━━━━━ Provided material ━━━━━

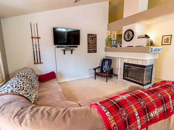 Beautiful single story home in West Palmdale. The front yard is landscaped with a mature tree that offers plenty of shade. The living room is open to the dining room and the family room is open to the kitchen perfect for entertaining. The kitchen features tile floors, tile counter tops, lots of storage and an island. The Master Bedroom has access to the rear yard and an attached bathroom. The rear yard is landscaped and has a covered patio.
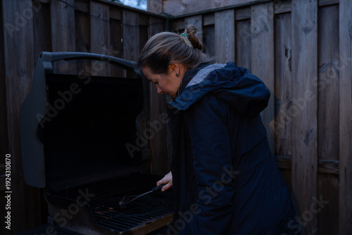 woman, grilling, bar-b-q, night, backyard, fence, food, tongs, cooking, jacket, evening, charcoal, grill, smoke, metal, wooden, dark, casual attire, standing, kitchen utensile, utensil, preparation, leisure, summer, meal, equipment, lighting, shadow, warmth, home, residential, lifestyle, dining, summer evening, culinary, food preparation, avocation, cosy, domestic, evening light, home cooking
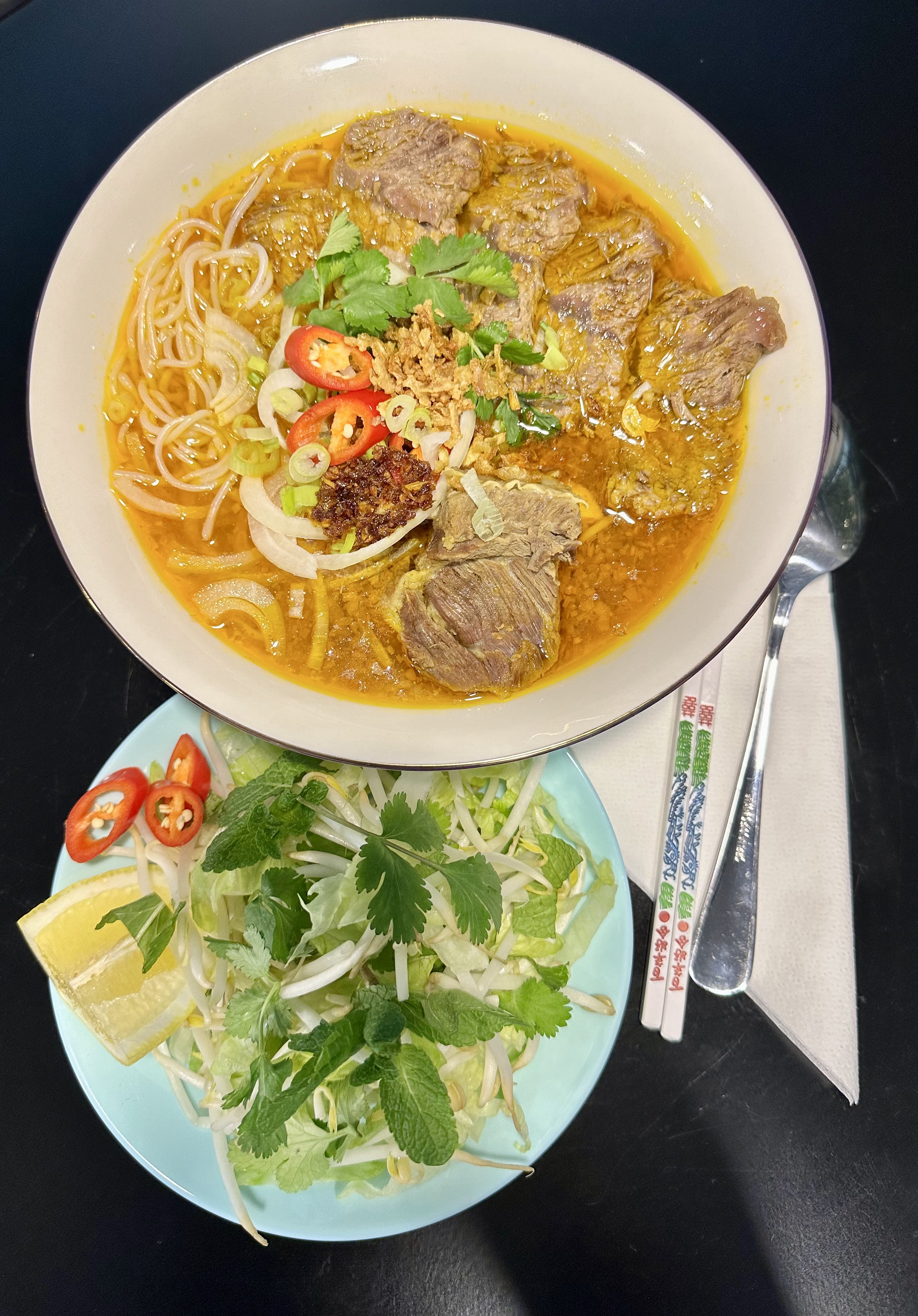 Très bon phô. Avec un bouillon remplit de beaucoup d’épice.
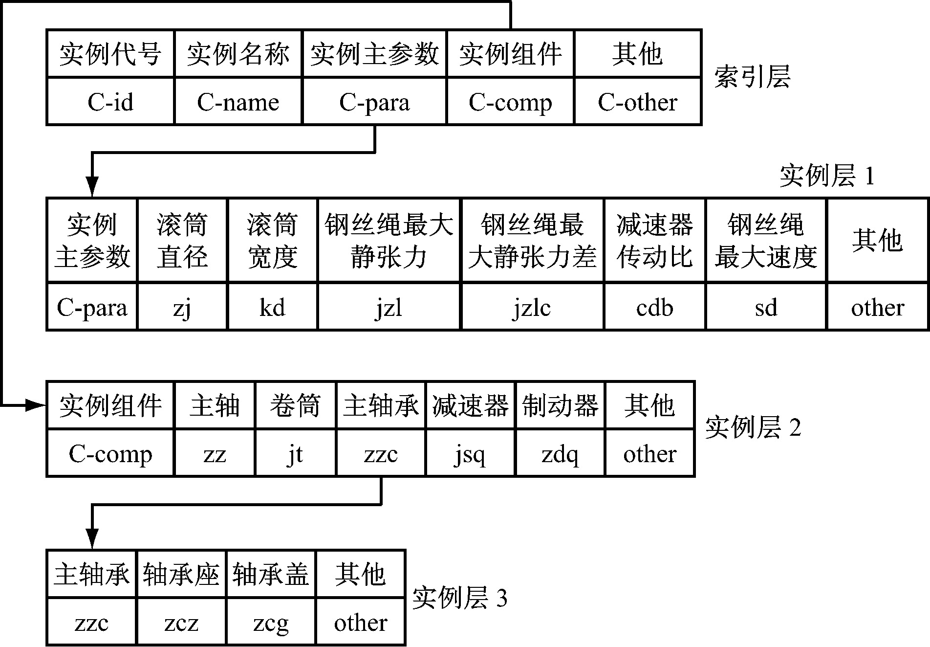 矿井提升机实例库的多层次抽象实例模型包括索引层和实例层2个大层,如图3所示。索引层位于树的根部,提供了实例代号、名称等索引参数,用于在实例查询中与查询实例参数进行匹配。实例层按照等级划分为若干层,再逐层分解为若干结点实例,最底层由基本实例组成,称为叶子实例。按照从提升机装配体、子装配体到零件的顺序逐级降低,分层次存储实例的具体情况。

━━━━━

* **How to complete this task**: Restate every line above word for word. Do not carry over the images.

* **Solution for this task**:
 Beautiful single story home in West Palmdale. The front yard is landscaped with a mature tree that offers plenty of shade. The living room is open to the dining room and the family room is open to the kitchen perfect for entertaining. The kitchen features tile floors, tile counter tops, lots of storage and an island. The Master Bedroom has access to the rear yard and an attached bathroom. The rear yard is landscaped and has a covered patio.
 woman, grilling, bar-b-q, night, backyard, fence, food, tongs, cooking, jacket, evening, charcoal, grill, smoke, metal, wooden, dark, casual attire, standing, kitchen utensile, utensil, preparation, leisure, summer, meal, equipment, lighting, shadow, warmth, home, residential, lifestyle, dining, summer evening, culinary, food preparation, avocation, cosy, domestic, evening light, home cooking
 Très bon phô. Avec un bouillon remplit de beaucoup d’épice.
 矿井提升机实例库的多层次抽象实例模型包括索引层和实例层2个大层,如图3所示。索引层位于树的根部,提供了实例代号、名称等索引参数,用于在实例查询中与查询实例参数进行匹配。实例层按照等级划分为若干层,再逐层分解为若干结点实例,最底层由基本实例组成,称为叶子实例。按照从提升机装配体、子装配体到零件的顺序逐级降低,分层次存储实例的具体情况。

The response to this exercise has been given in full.